The circumstantial indications of intentional racial discrimination in this case, although not as compelling as in
Miller-El,
have some persuasive value. Haynes cites to cases in which
Batson
violations occurred in Harris County, where he was tried,
as well as eases from the 1980s and early 1990s in which courts and judges observed that African-Americans were rarely part of juries for criminal
or capital
cases in Harris County. Haynes, however, was tried and convicted in 1999. He also notes that the prosecution in this case used peremptory strikes against four
of six African-American potential jurors. Relatedly, he argues that the prosecutor had a motive to exclude African-Americans from the jury, because Haynes was an African-American defendant accused of shooting and killing a white police officer. Nevertheless, these circumstantial indications are insufficient to show that the TCCA’s determination—that the decision of the prosecutor in this case to peremptorily strike potential jurors Owens and McQueen was not based on purposeful racial discrimination—was objectively unreasonable.
In addition, Haynes argues that potential jurors Owens and McQueen gave answers that were similar to, or more favorable to the prosecution than the answers given by some non-African-American potential jurors who were not struck. Haynes reasons that in this respect, the record undermines the credibility of the prosecutor’s stated reasons for striking Owens and McQueen. But the prosecutor’s reasons involved Owens and McQueen’s nonverbal demeanor and body language, not just their words, and the written record does not allow us to compare Owens and McQueen to the other potential jurors in those respects. Consequently, we cannot fully re-evaluate the credibility of the prosecutor’s claim that the potential jurors he peremptorily struck seemed particularly favorable to the defense.
Thus, Haynes has not shown that the TCCA’s determination was objectively unreasonable.

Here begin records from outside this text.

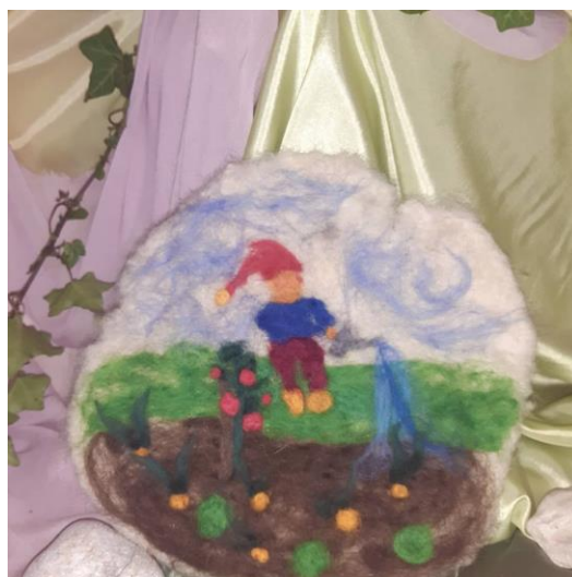
Slika 7. Filcana slika na svetkovnom stolu (uprizorenje bajke)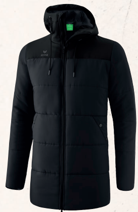
VESTE D'HIVER 👤 CHF 170,-*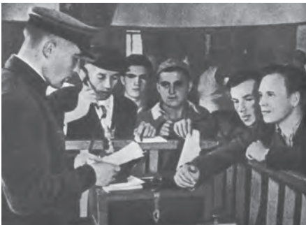
23 июня 1941 года. Запись добровольцев на фронт

22 июня 1941 года вероломное нападение фашистской Германии прервало мирное развитие Страны Советов. Над страной прозвучал призыв партии – «Родина в опасности!». Комсомол со всей стремительностью юных душ ответил на него. Великая Отечественная стала решающей проверкой духовных и физических сил советской молодёжи, комсомола.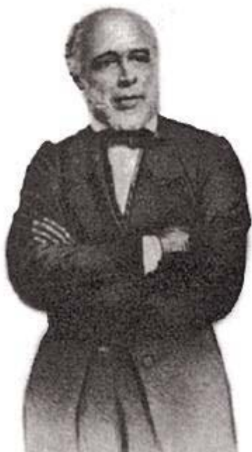
Francisco Jê Acaiaba de Montezuma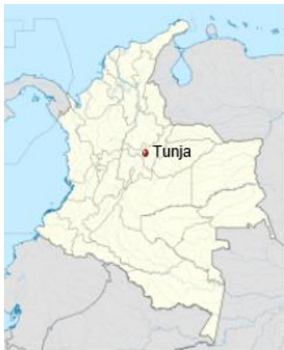
Ilustración 1. Localización de Tunja en Colombia.

Tunja alberga un conjunto monumental protegido en su Centro Histórico y declarado patrimonio de la Nación en 1959.67 A lo largo de su historia, Tunja ha sido reconocida como un importante centro literario, científico, cultural e histórico y es considerada actualmente como una ciudad Universitaria.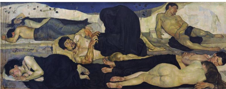
Ferdinand Hodler: "The Night", 1889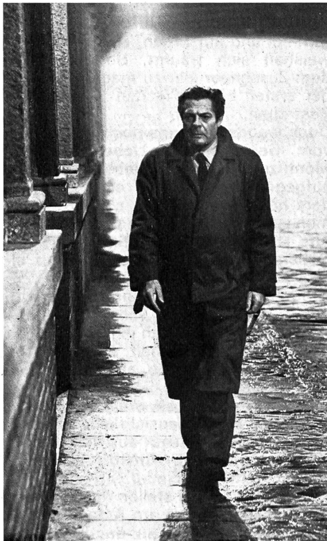
Nino Monti (Marcello Mastroianni), das nichtgelebte Leben, die aufgegebenen Träume holen ihn ein.

Der Zuschauer der diese ganze Mär durch die Optik des Protagonisten, d.h. Identifikationsfigur, sieht, beginnt langsam zu ahnen, dass das Gespenst der Liebe nicht nur zum Lieben aufgetaucht ist. Nach den Erklärungen Annas anlässlich der Bootsfahrt auf dem Tessin und dem Auffinden der Leiche des Neffen lässt sich der «Sachverhalt» aussprechen. In zwei Gestalten ist Anna aus dem Schattenreich zu den Lebenden zurückgekehrt: als Racheengel nämlich (um den Neffen und seine Tante zu töten) und als Liebesengel. Dieses uralte dramaturgische Grundschema vom Typ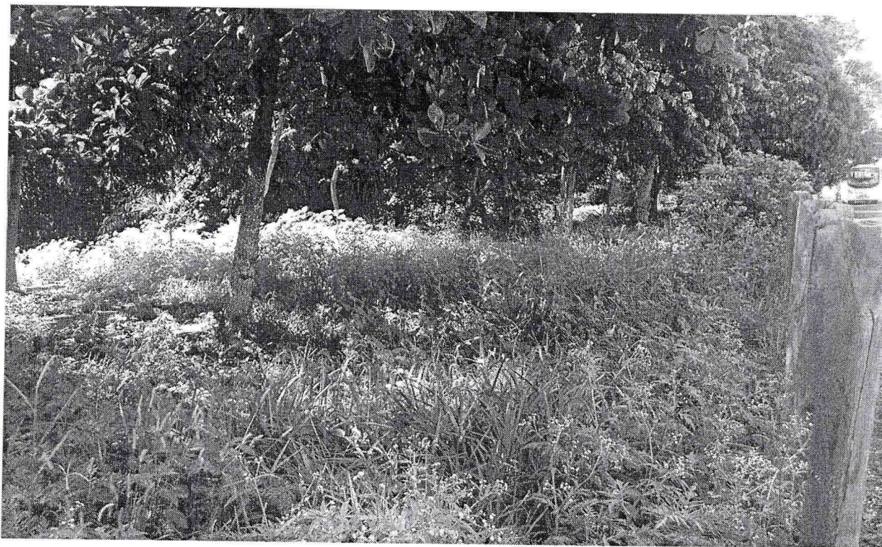
Área Verde do Crispim Rua Felisbino de Almeida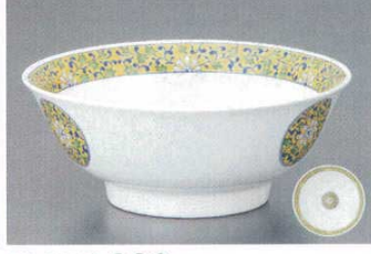
848-20-491 980円 0149848020 黄唐草6.8井 (21×8.5cm)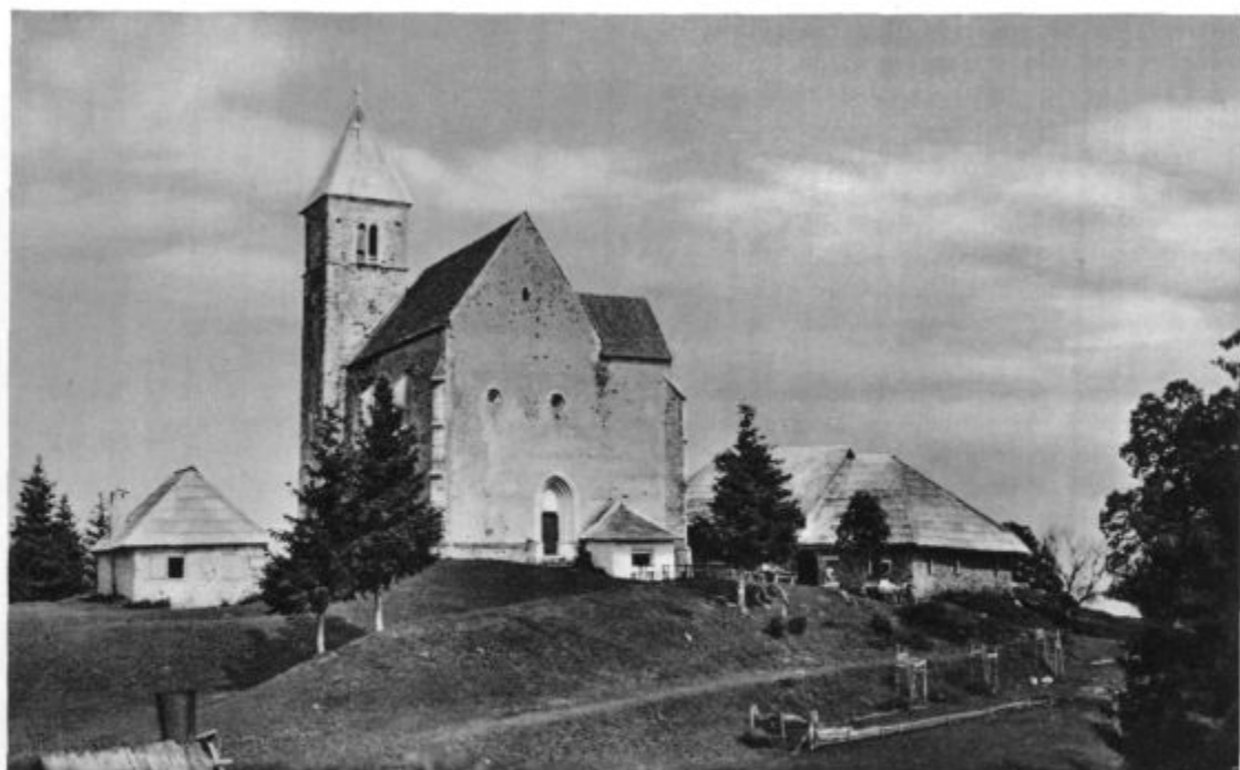
Cerkev sv. Helene na Magdalenski gori (1058 m) nad Gosposveto

Lastly, Haynes asks us to consider, as evidence of judicial bias, the fact that Judge Harper was cleaning pistols on his bench during the questioning of individual potential jurors. While such behavior is not commendable, it was Judge Wallace, not Judge Harper, who adjudicated the
Batson
challenges at issue.
In sum, on the record in this case, none of the factors cited by Haynes are sufficient to persuade us that the TCCA’s determination that Haynes failed to carry his burden at the third stage of the
Batson
inquiry, was an objectively unreasonable application of clearly established law, or an unreasonable determination of the facts.
For the foregoing reasons, we AFFIRM the district court’s denial of habeas relief to Haynes.